First Impressions / Setting up

It’s a thoroughly modern, well-made speaker. A nice design, high-quality moulded, lightweight (but durable) feeling. The battery is securely fastened into it and switchable. The inputs and controls are all indented to reduce the chance of accidental damage. The handle is comfortable, and there’s even a stand for a phone or small tablet should you want to use their optional app to tweak some of the settings. There’s a pole mount underneath for putting a pair higher up to use as party speakers. Thankfully it has a proper IEC power socket rather than the DC sockets you sometimes see on speakers like this.
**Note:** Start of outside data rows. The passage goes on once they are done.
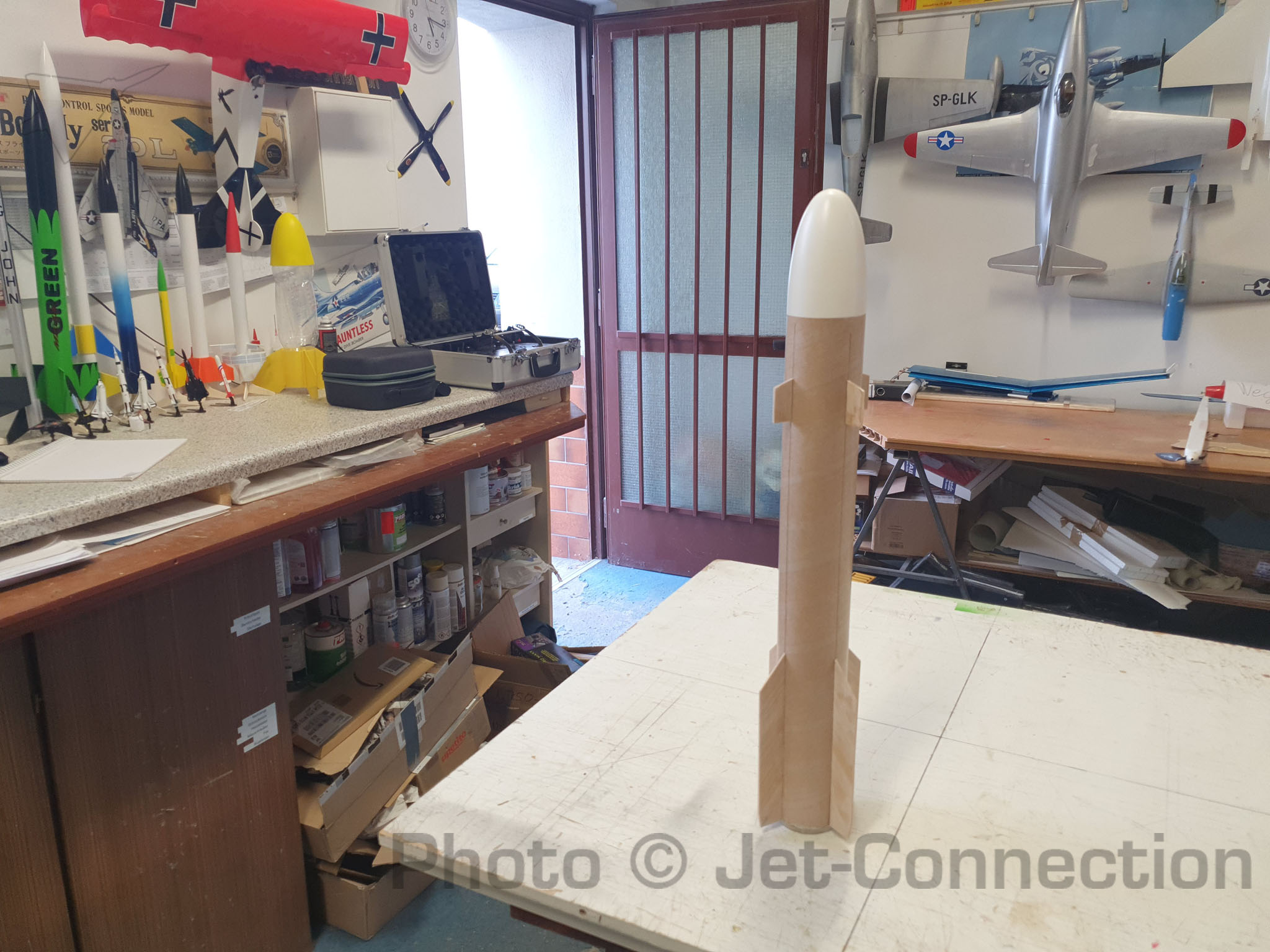 Die "Verstärkungsbleche" an den unteren Finnen werde ich nachträglich mit Epoxy ankleben. Die bringen noch mehr Stabilität und die Rakete sieht dem Original noch ein bisschen ähnlicher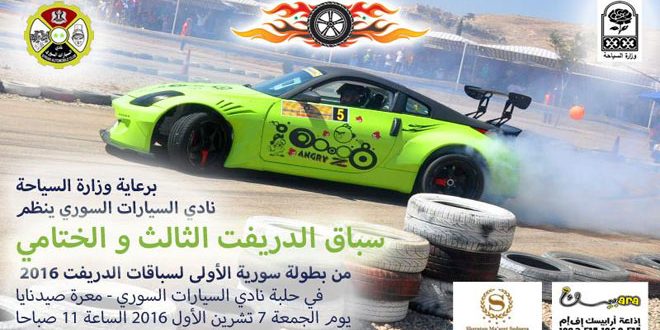 يختم نادي السيارات السوري يوم الجمعة القادم موسمه الرياضي بإقامة الجولة الثالثة والاخيرة من بطولة سورية لسباق الدريفت “رياضة الانجراف” التي ينظمها النادي برعاية وزارة السياحة في حلبة النادي بمعرة صيدنايا في ريف دمشق.
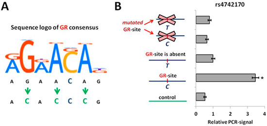 2.2. The rs4742170 (T) Allele in IL33 Enhancer Disrupts GR-Binding Site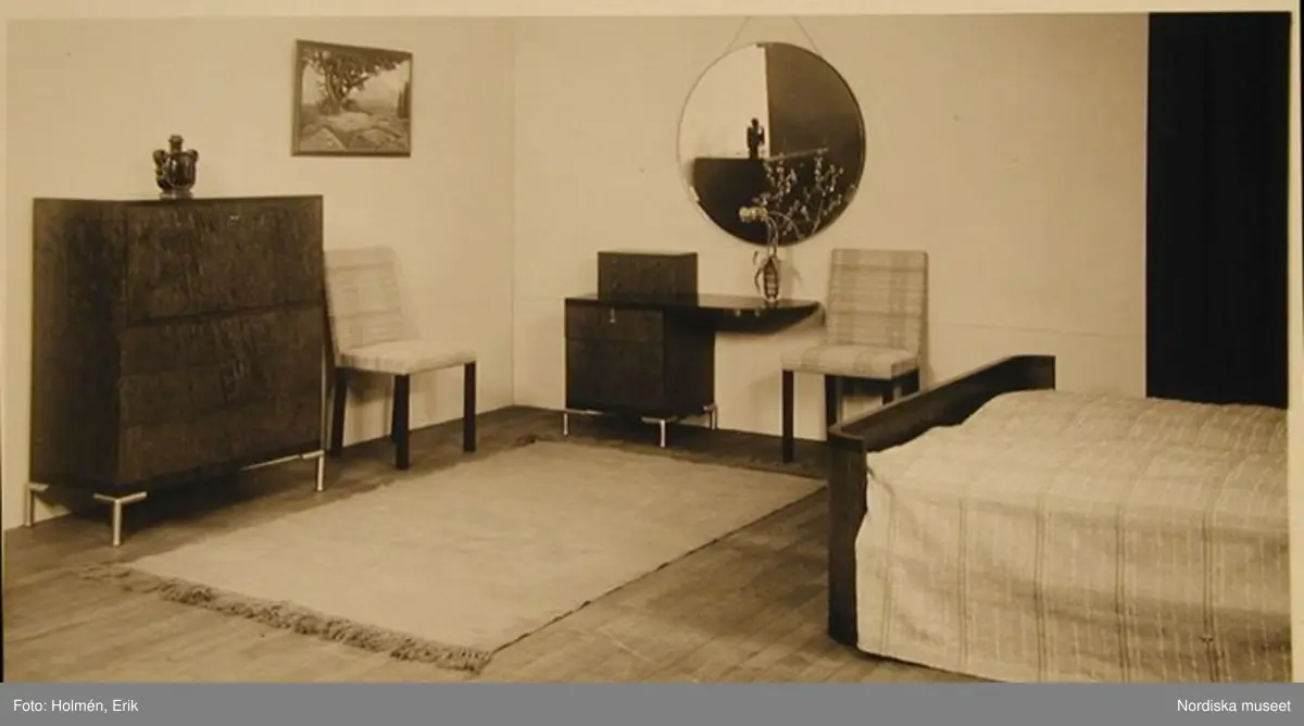 Möbelutställning på Nordiska Kompaniet, "Arkitekt Hjorts utställning våren 1933". Sovrumsmöblemang modell "Record" formgivet av Axel Einar Hjort.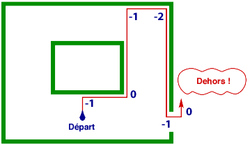 il ne suffit pas de marcher en ligne droite. Il faut compter les changements de direction. Supposons que, comme dans les exemples précédents, tous les angles soient droits. On n’a alors que deux possibilités, tourner à droite ou à gauche selon un angle de 90°. On compte les changements de direction en augmentant d’un point lorsque l’on tourne à gauche et en diminuant d’un point lorsque l’on tourne à droite (y compris la première fois que l’on tourne à droite quand on atteint un mur). Au début, le décompte est à zéro. Les deux instructions sont alors les suivantes : *1 Aller tout droit jusqu’au mur, passer à l’instruction 2 ; *2 Longer le mur par la droite (ou par la gauche, mais toujours dans le même sens) jusqu’à ce que le décompte des changements de direction atteigne zéro, passer à l’instruction 1 ; Il faut répéter ces actions jusqu’à ce que l’on revienne à la lumière du jour.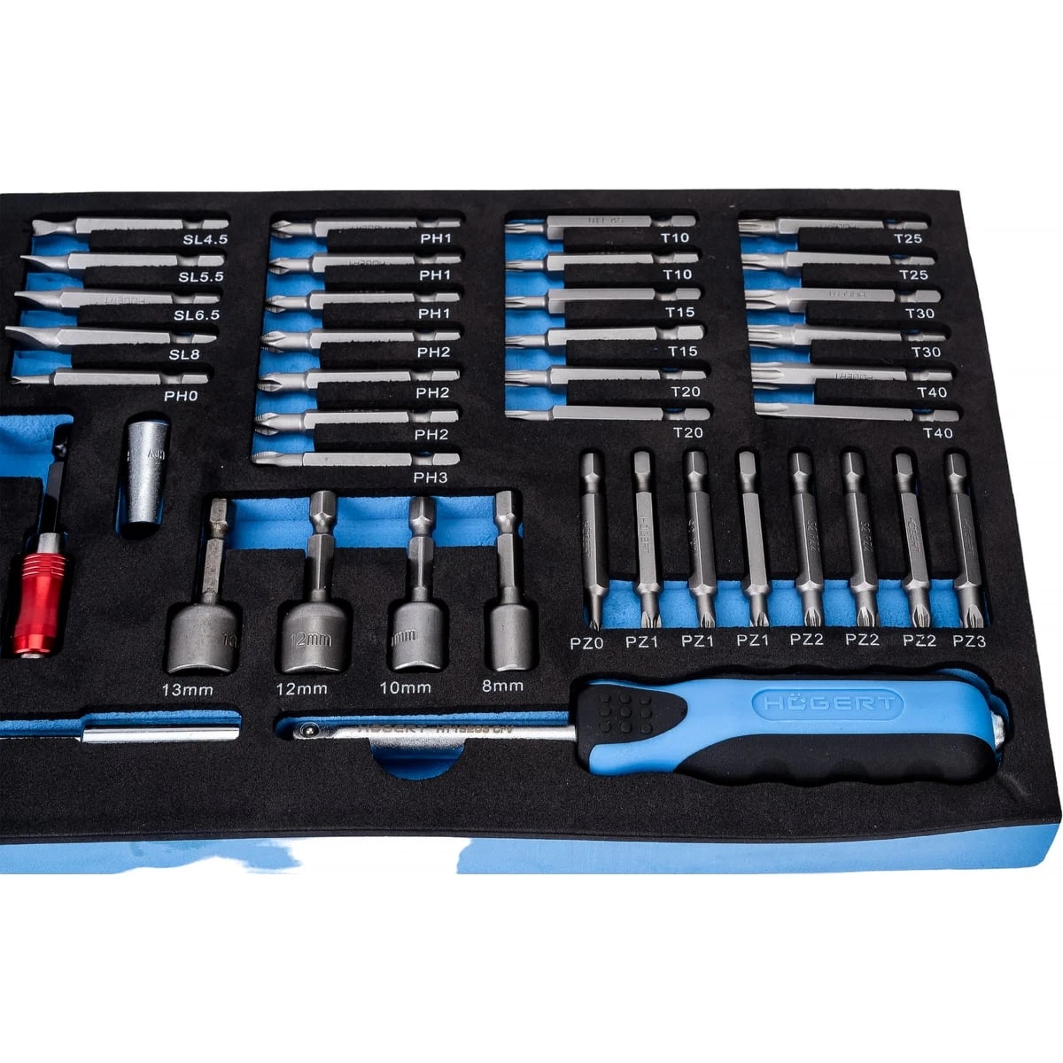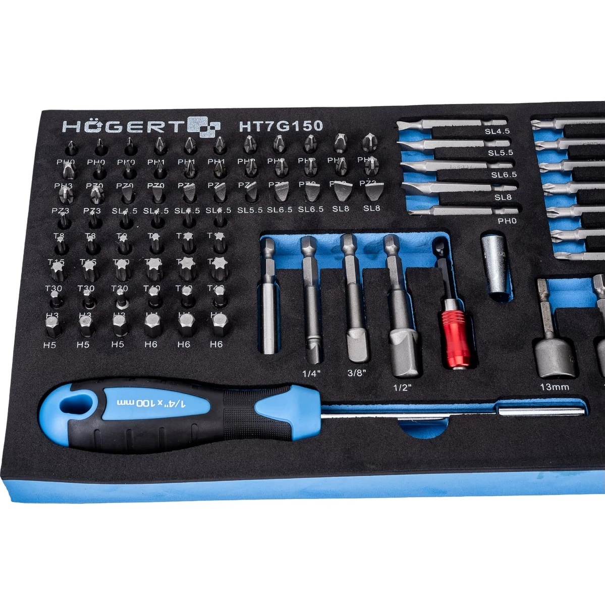 Набор отверток, бит и адаптеров HOEGERT TECHNIK ложемент EVA, 107 шт. HT7G150 подходит для инструментальных тумб и содержит широкий выбор отверток и множество необходимых принадлежностей. Набор необходим в инструментальном шкафу каждого профессионала.

It might take you a second if you don’t want to look at the instruction manual to figure out how to get it going. Ultimately, as long as there’s power in the battery (shown on a clear indicator), you can just press the on button and then use the channel select button to switch to the input that you have plugged something into. At this point, you can adjust the volume, EQ, and so on for that input. Let’s take a closer look at that now.

In Use

The mixer section on a single black JBL Eon One Compact speaker. The buttons an dknobs have light green LED indicators.  At the top you can see a white person points at the full green battery level indicator from offscreen.
⁣⁣The mixer section hosts various speaker controls and a battery level indicator.

The selection of inputs reflects who this speaker is aimed at: not only DJs, but also singer/songwriters, fitness instructors, churches, and so on. We have two mic inputs: one of them can work with a condenser mic thanks to phantom power on XLR and quarter-inch jack combo sockets with docking and reverb, but it can also be switched to line inputs if needed.

Then we have a guitar input plus the one most useful to DJs: a stereo 1/8″ auxiliary-in jack for plugging directly into your DJ gear (if you don’t want to take up both of the mic/line inputs with that function). Unfortunately, this is also the socket that gets switched with Bluetooth, so you can’t have a Bluetooth backup permanently online just in case – it will take you a second to switch over should you need it.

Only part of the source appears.